What is required:
From the material below, reproduce exactly the stretch of lines that begins with the line holding "Seria drewnianych puzzli" and ends with the line holding "展望2023财年,沃尔玛预计", skipping the pictures.

Task input:
++++++
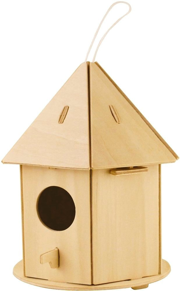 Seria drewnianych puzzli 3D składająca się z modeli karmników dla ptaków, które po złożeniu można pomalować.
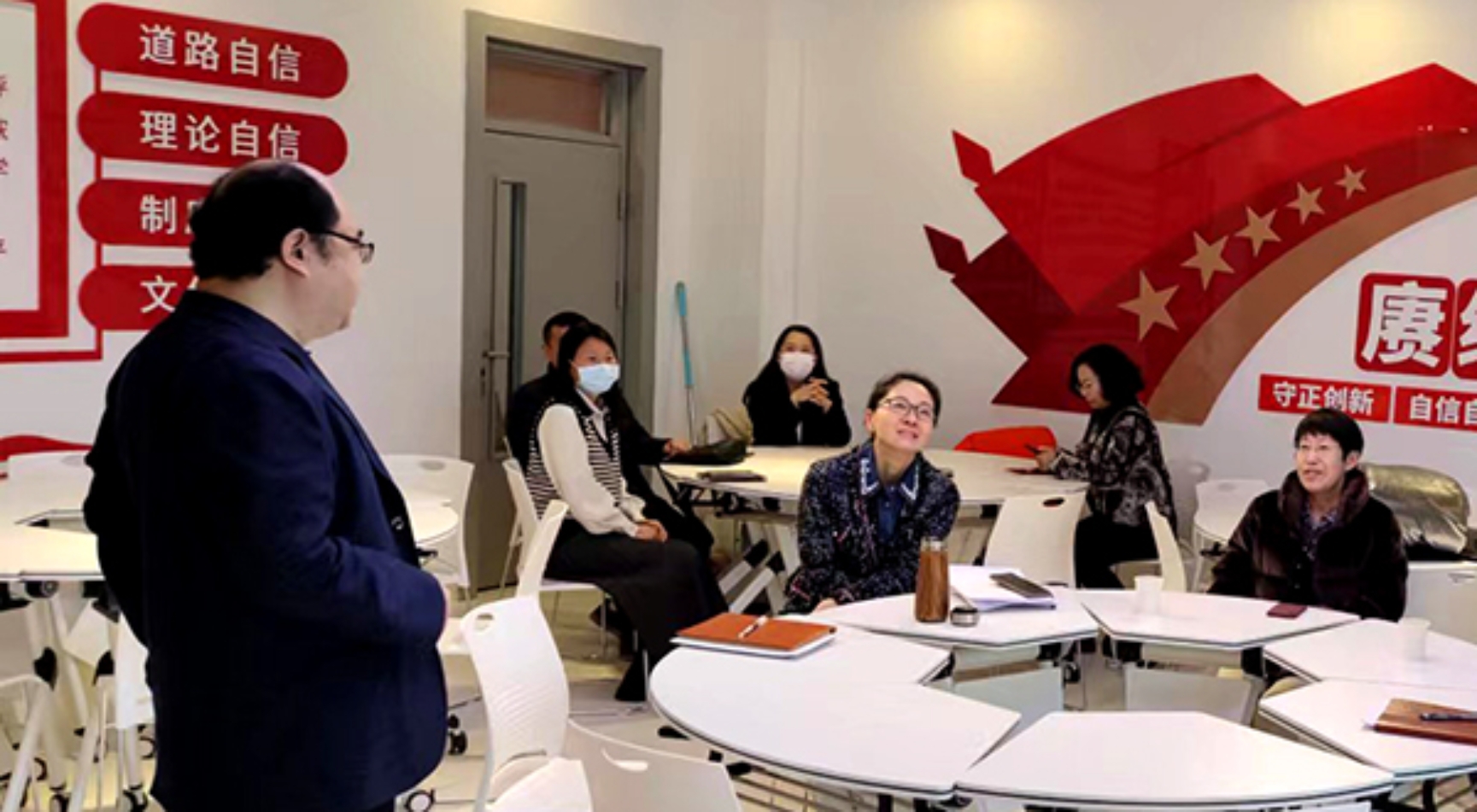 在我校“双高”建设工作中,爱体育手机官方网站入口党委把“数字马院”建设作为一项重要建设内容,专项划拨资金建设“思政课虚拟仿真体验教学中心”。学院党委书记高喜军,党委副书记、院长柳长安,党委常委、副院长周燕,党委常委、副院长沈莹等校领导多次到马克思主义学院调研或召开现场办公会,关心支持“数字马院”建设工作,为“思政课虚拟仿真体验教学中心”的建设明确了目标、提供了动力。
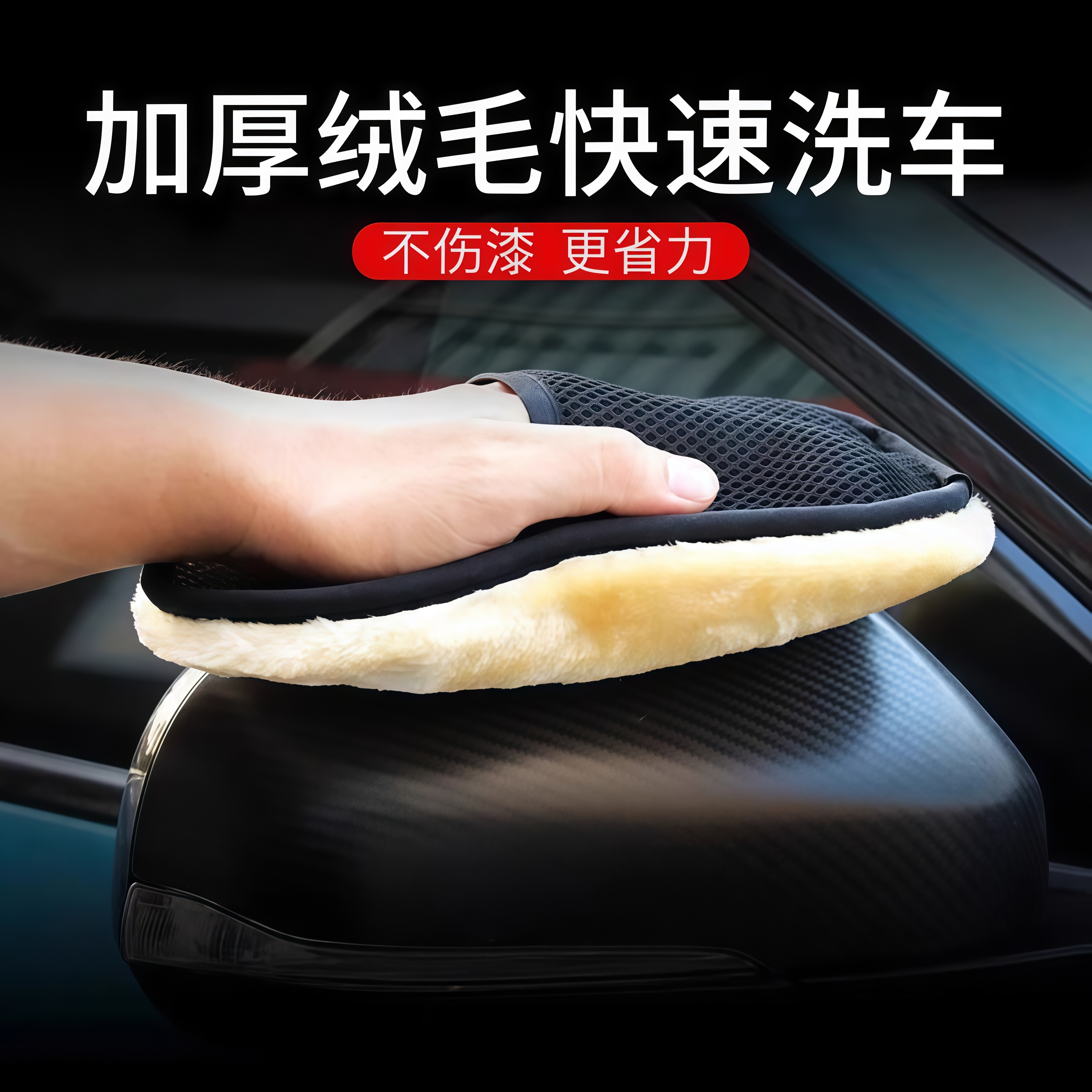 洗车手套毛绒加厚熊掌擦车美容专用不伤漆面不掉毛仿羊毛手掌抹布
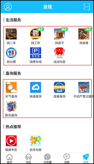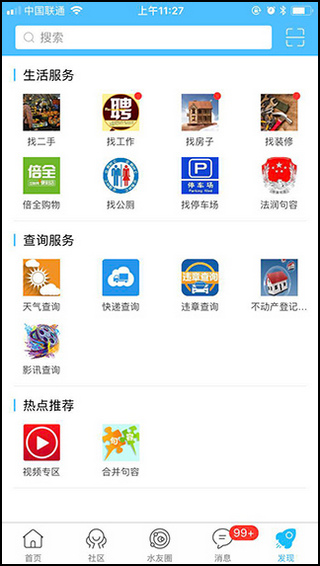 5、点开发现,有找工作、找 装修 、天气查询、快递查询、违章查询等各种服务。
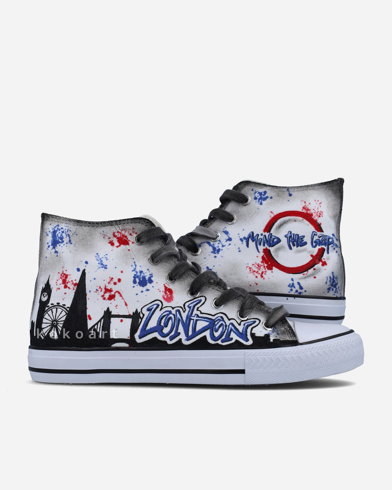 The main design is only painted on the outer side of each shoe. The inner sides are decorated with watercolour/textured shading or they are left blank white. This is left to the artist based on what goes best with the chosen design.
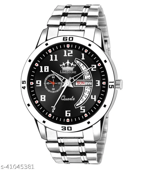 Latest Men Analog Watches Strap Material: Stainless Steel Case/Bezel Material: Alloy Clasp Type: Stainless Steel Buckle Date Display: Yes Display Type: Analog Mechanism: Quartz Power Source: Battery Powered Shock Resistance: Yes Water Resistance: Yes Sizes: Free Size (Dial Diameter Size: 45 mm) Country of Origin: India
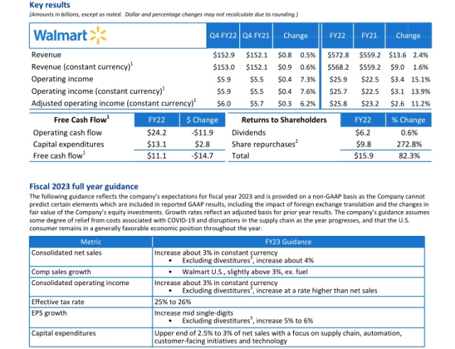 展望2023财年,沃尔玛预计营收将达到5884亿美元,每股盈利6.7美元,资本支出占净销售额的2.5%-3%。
++++++
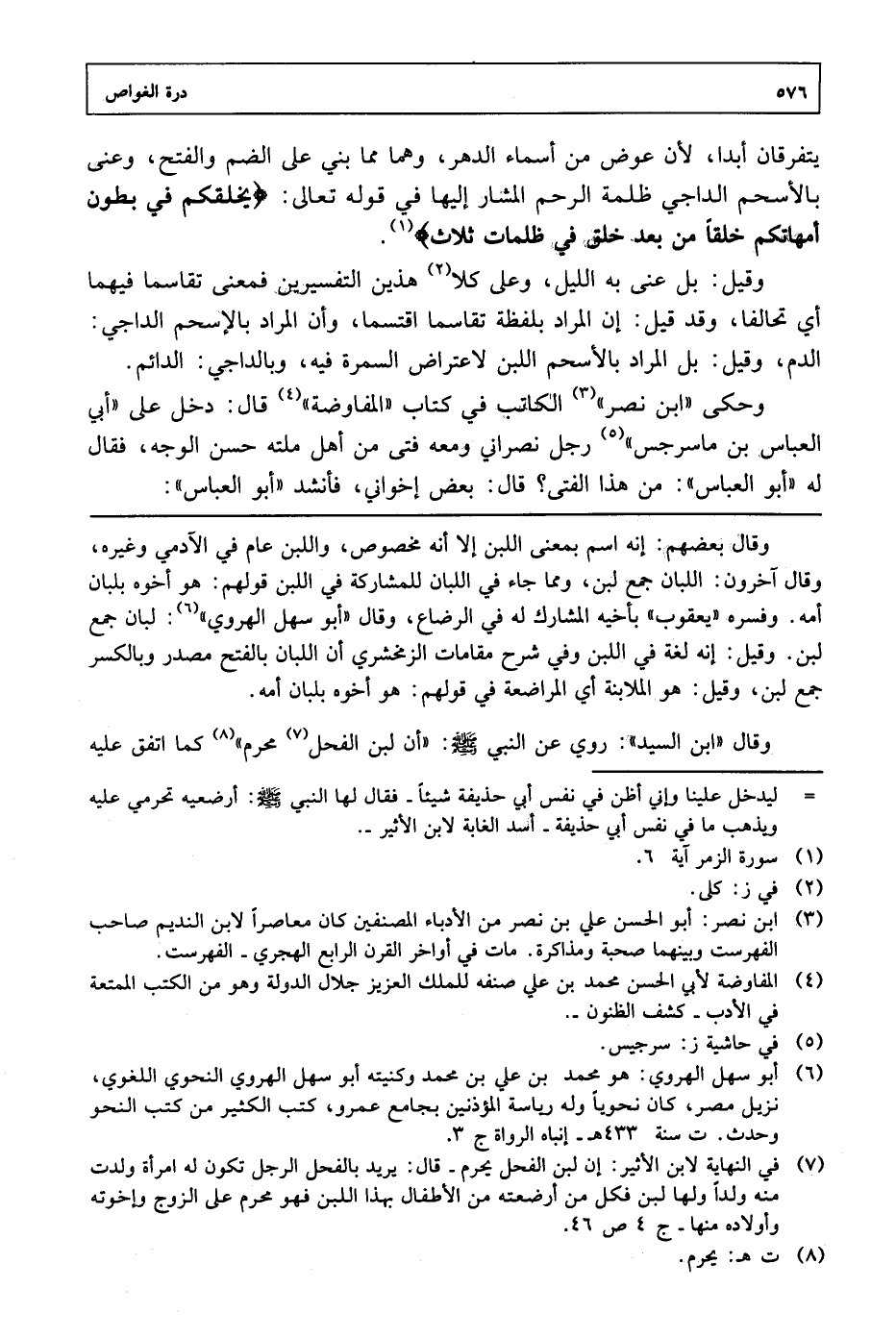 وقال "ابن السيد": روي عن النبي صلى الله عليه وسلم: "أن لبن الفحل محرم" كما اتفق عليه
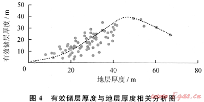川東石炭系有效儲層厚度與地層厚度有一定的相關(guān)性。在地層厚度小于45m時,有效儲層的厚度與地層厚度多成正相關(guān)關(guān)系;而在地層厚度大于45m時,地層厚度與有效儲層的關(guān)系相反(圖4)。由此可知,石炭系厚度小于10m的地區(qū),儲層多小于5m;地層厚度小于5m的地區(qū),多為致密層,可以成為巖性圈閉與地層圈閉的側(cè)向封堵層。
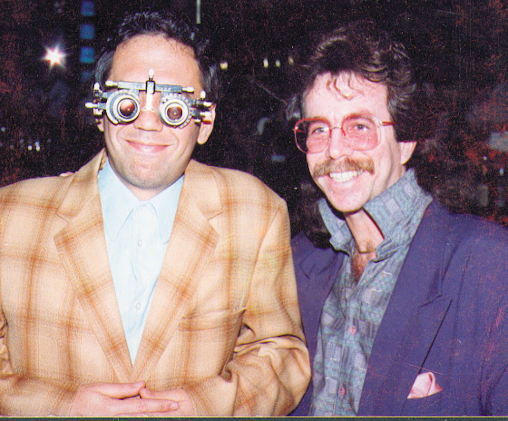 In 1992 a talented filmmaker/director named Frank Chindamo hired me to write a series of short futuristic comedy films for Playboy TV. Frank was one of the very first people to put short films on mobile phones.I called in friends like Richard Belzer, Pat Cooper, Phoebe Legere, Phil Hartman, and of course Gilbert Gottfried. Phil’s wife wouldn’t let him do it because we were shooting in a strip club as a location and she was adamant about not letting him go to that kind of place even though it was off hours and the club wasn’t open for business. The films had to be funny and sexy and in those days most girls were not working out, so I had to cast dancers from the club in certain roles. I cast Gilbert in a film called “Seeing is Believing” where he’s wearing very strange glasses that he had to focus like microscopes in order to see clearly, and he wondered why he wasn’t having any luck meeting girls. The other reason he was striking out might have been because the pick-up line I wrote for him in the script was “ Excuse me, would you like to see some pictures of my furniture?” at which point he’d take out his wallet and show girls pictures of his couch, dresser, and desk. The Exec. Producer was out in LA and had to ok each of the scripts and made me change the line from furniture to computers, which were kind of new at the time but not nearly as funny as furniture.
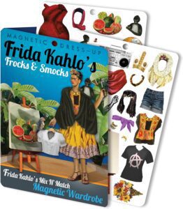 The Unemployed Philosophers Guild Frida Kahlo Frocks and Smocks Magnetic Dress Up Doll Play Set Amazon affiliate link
++++++
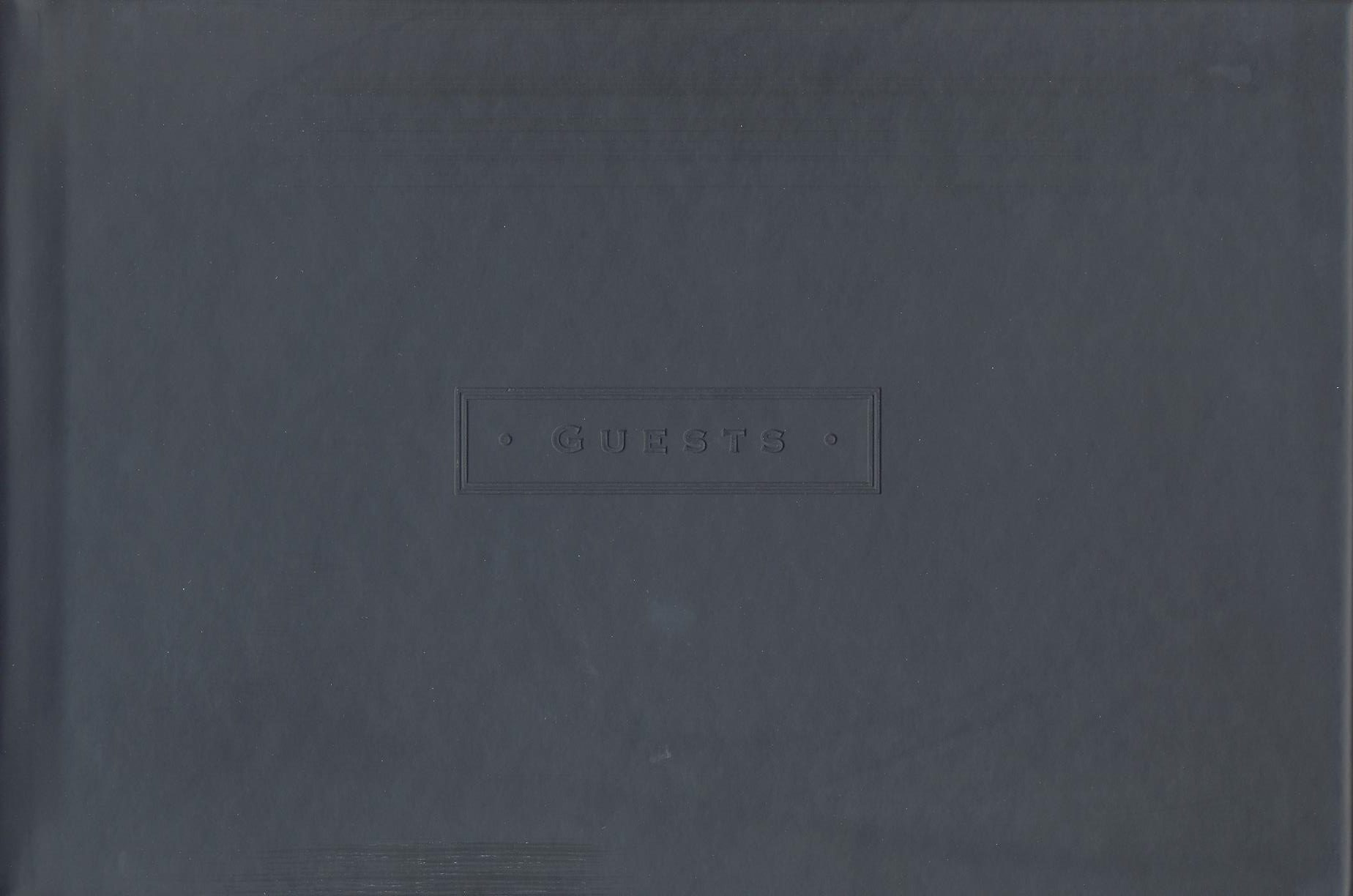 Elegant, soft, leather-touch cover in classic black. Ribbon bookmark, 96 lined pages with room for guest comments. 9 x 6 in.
++++++
Reply to the task:
 Seria drewnianych puzzli 3D składająca się z modeli karmników dla ptaków, które po złożeniu można pomalować.
 在我校“双高”建设工作中,爱体育手机官方网站入口党委把“数字马院”建设作为一项重要建设内容,专项划拨资金建设“思政课虚拟仿真体验教学中心”。学院党委书记高喜军,党委副书记、院长柳长安,党委常委、副院长周燕,党委常委、副院长沈莹等校领导多次到马克思主义学院调研或召开现场办公会,关心支持“数字马院”建设工作,为“思政课虚拟仿真体验教学中心”的建设明确了目标、提供了动力。
 洗车手套毛绒加厚熊掌擦车美容专用不伤漆面不掉毛仿羊毛手掌抹布
 5、点开发现,有找工作、找 装修 、天气查询、快递查询、违章查询等各种服务。
 The main design is only painted on the outer side of each shoe. The inner sides are decorated with watercolour/textured shading or they are left blank white. This is left to the artist based on what goes best with the chosen design.
 Latest Men Analog Watches Strap Material: Stainless Steel Case/Bezel Material: Alloy Clasp Type: Stainless Steel Buckle Date Display: Yes Display Type: Analog Mechanism: Quartz Power Source: Battery Powered Shock Resistance: Yes Water Resistance: Yes Sizes: Free Size (Dial Diameter Size: 45 mm) Country of Origin: India
 展望2023财年,沃尔玛预计营收将达到5884亿美元,每股盈利6.7美元,资本支出占净销售额的2.5%-3%。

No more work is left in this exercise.